No evento UX Reboot 2026, organizado pela UX-Republic na École 42, o veículo de mídia visionário Usbek & Rica apresentou "Prophecy", um formato original que mesclava jornalismo, previsão e um programa de perguntas e respostas. Apresentado por François Fluhr e Alexandre Kouchner, este debate interativo utilizou uma roda da fortuna para selecionar e explorar aleatoriamente três previsões importantes sobre o futuro da UX e da IA . O objetivo? Decifrar, com a participação do público, as transformações que aguardam o design diante do surgimento da web interativa e da ampla adoção da inteligência artificial.

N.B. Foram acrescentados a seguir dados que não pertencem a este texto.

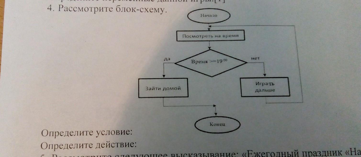 Объяснение действия: мы смотрим на время,если время больше или равно 19:00,то нужно зайти домой,конец. Если ещё нет 19:00, то играете дальше,затем все действия ещё раз повторяются до тех пор пока время не будет больше или равно 19:00.
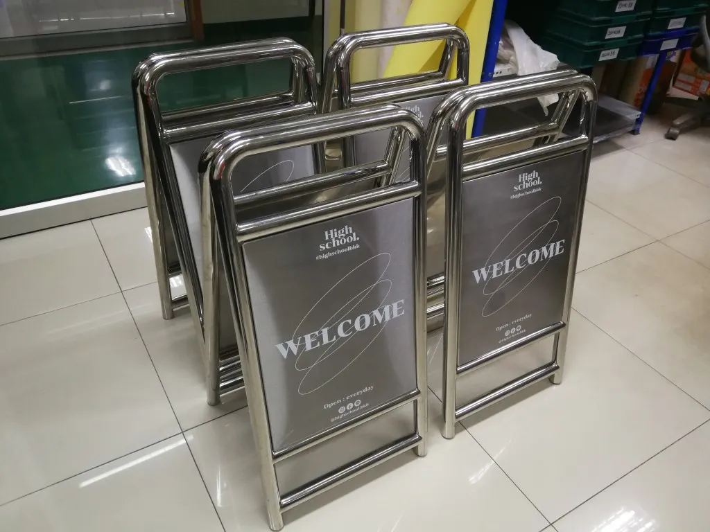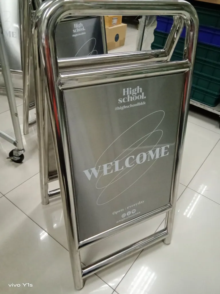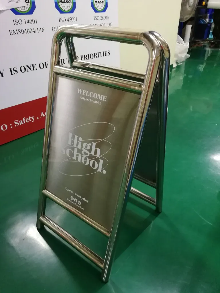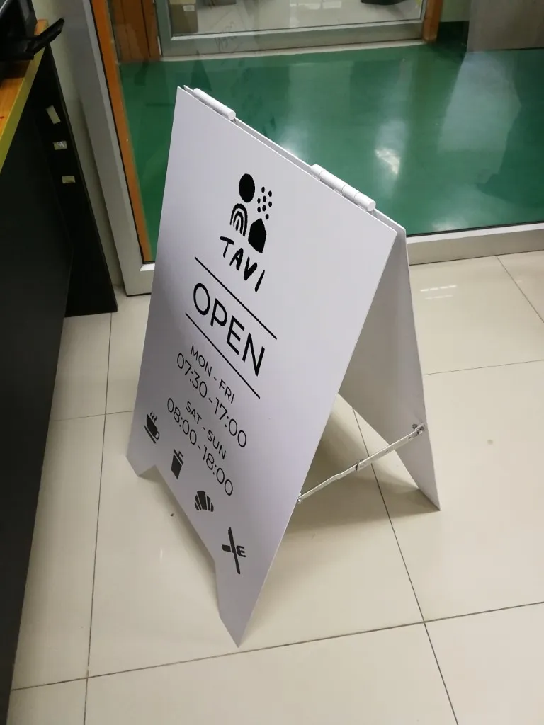 ดีไซน์แบบพกพาและพับได้ เหมาะสำหรับการโปรโมชั่นบนทางเท้า ป้ายบอกทางในงาน หรือประกาศชั่วคราว ติดตั้งและย้ายตำแหน่งได้ง่าย มีแผ่นกราฟิกที่เปลี่ยนได้หรือพื้นผิวที่เขียนได้สำหรับการอัปเดตรายวัน เหมาะสำหรับใช้ทั้งในร่มและกลางแจ้งที่มีหลังคา
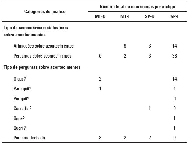 O estudo do subconjunto de dados comentários metatextuais referidos aos acontecimentos mostrou que, em quase todos os casos, tratou-se de perguntas e, em menor medida, afirmações (ver Tabela 5). No caso da professora MT-I, houve mais afirmações sobre os acontecimentos do que perguntas. Destacamos também a quantidade de perguntas formuladas pela professora de perfil interativo/construtivo de São Paulo (mais que o dobro, se comparada com a quantidade de afirmações). Em relação à variedade de questões, a Tabela 5 mostra que a professora de perfil interativo/construtivo de São Paulo se diferenciou de forma significativa das demais. As professoras do Mato Grosso e a professora de perfil diretivo/transmissivo de São Paulo (SP-D) fizeram, em maior medida, perguntas fechadas (que levam a afirmar ou negar informações dadas sobre os eventos) enquanto a professora interativa/construtiva de São Paulo utilizou uma ampla variedade de questões.
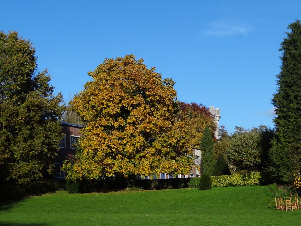 Nergens kan het najaar zo mooi zijn als in Meldert. Vooral dit jaar, nu de herfst op kousevoeten kwam en het zacht bleef, houden de bomen lang blad en hebben ze de wonderlijkste tinten. We maakten een wandeling over het kasteeldomein van het Sint-Janscollege en brachten de volgende beelden mee. In kleur!
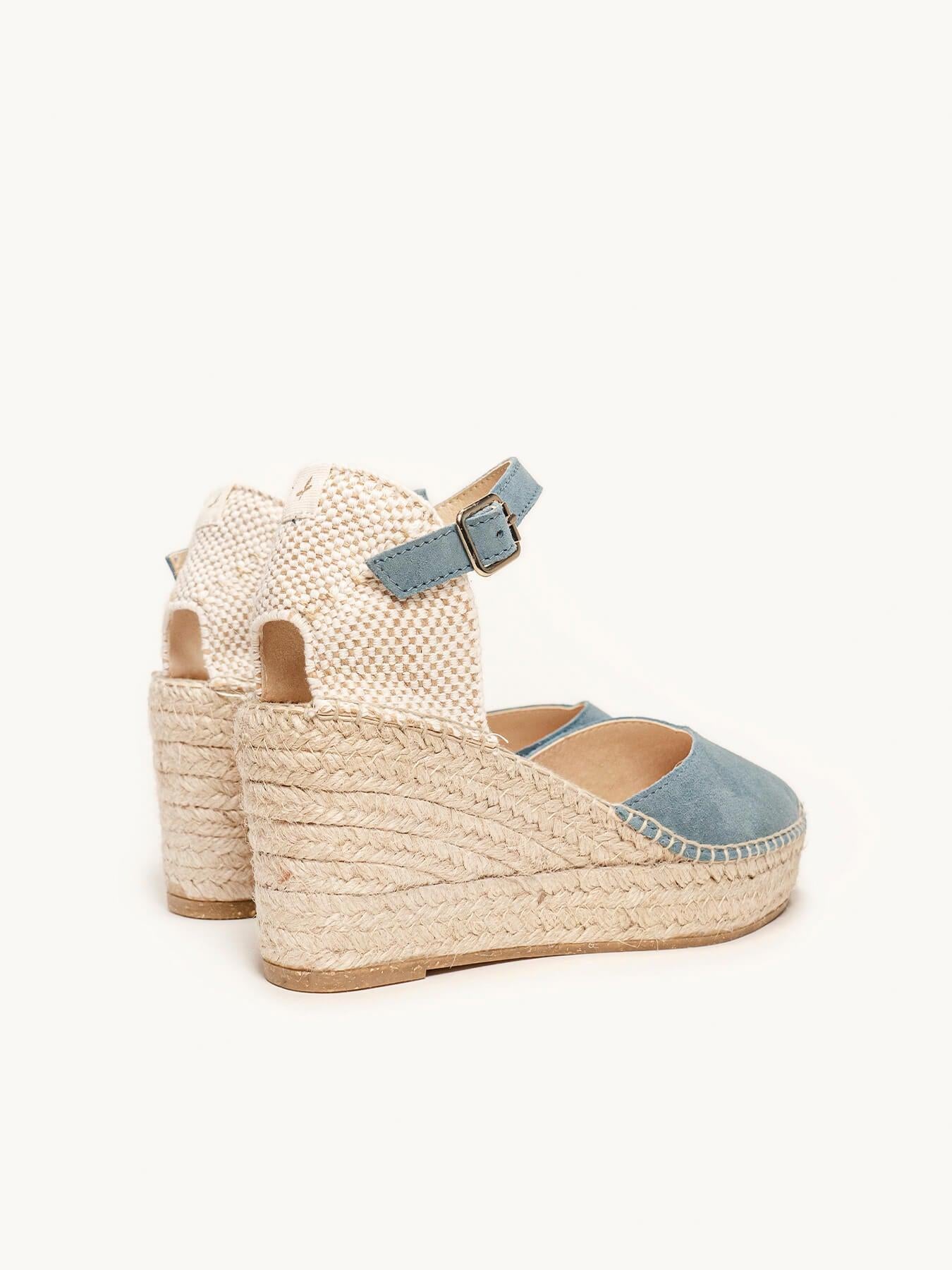 - Cuña de trenza de Yute natural con suela de goma reciclada, mezclada con fibras naturales.
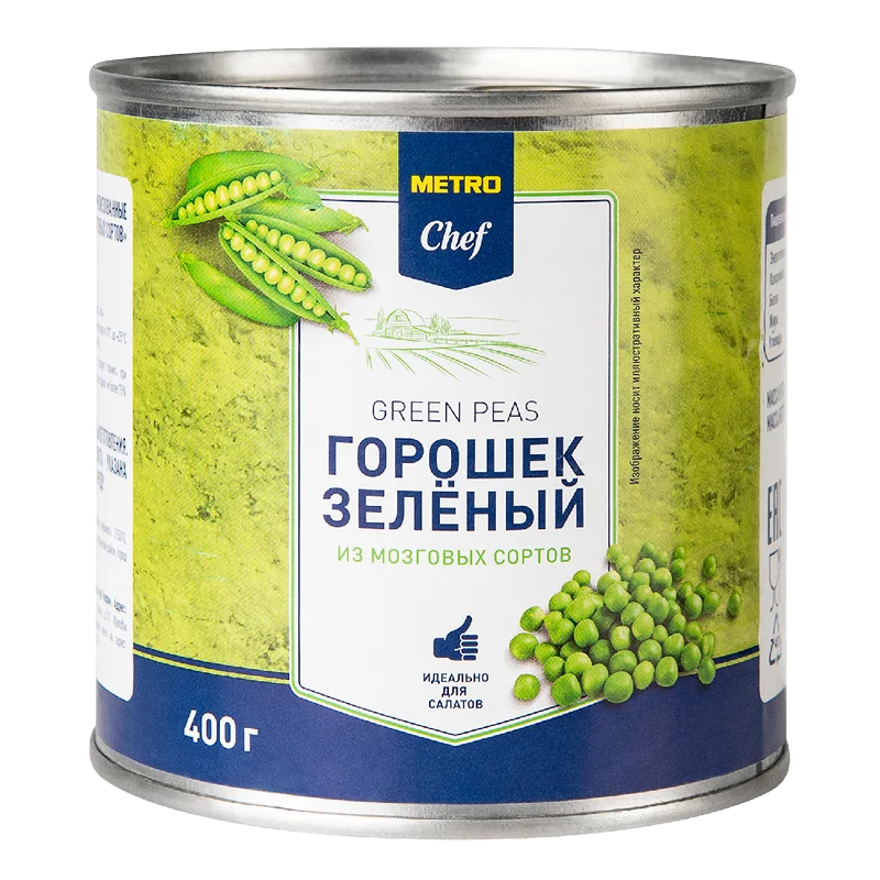 Зеленый горошек Metro Chef обладает сладким и нежным вкусом. Зеленый горошек идеально подходит для приготовления салатов и закусок. Он также идеально подойдет в качестве гарнира к мясу или рыбе.

Profecia 1: A morte do site
E se o site tradicional fosse apenas uma convenção cultural prestes a desaparecer? À medida que a web conversacional e os agentes autônomos contornam nossas telas, o futuro da experiência do usuário reside na invisibilidade das interfaces.
Essa grande disrupção tecnológica esteve no centro das discussões durante nossa sessão ao vivo Prophecy , organizada durante o evento UX Reboot na École 42 Paris. Apresentada em conjunto com Alexandre Kouchner, editorialista da publicação de prospectiva Usbek & Rica , essa sessão interativa utilizou uma roda da fortuna para explorar os possíveis futuros do nosso setor [1, 2]. A primeira observação, que desafia nossas suposições como designers, é que o website tradicional, composto por menus, cliques e funis de conversão, pode estar vivendo seus últimos anos.
O colapso do tráfego e o advento da interface de usuário Zero UI.
O site como o conhecemos tem pouco mais de 35 anos. No entanto, páginas HTML e funis de conversão não são verdades imutáveis, mas simplesmente hábitos de navegação. Hoje, a IA conversacional e os agentes inteligentes estão silenciosamente se tornando comuns. Os números falam por si: globalmente, o tráfego orgânico para sites de notícias proveniente do Google caiu 33% entre 2024 e 2025. Os mecanismos de busca respondem diretamente à intenção do usuário sem fornecer links para as fontes.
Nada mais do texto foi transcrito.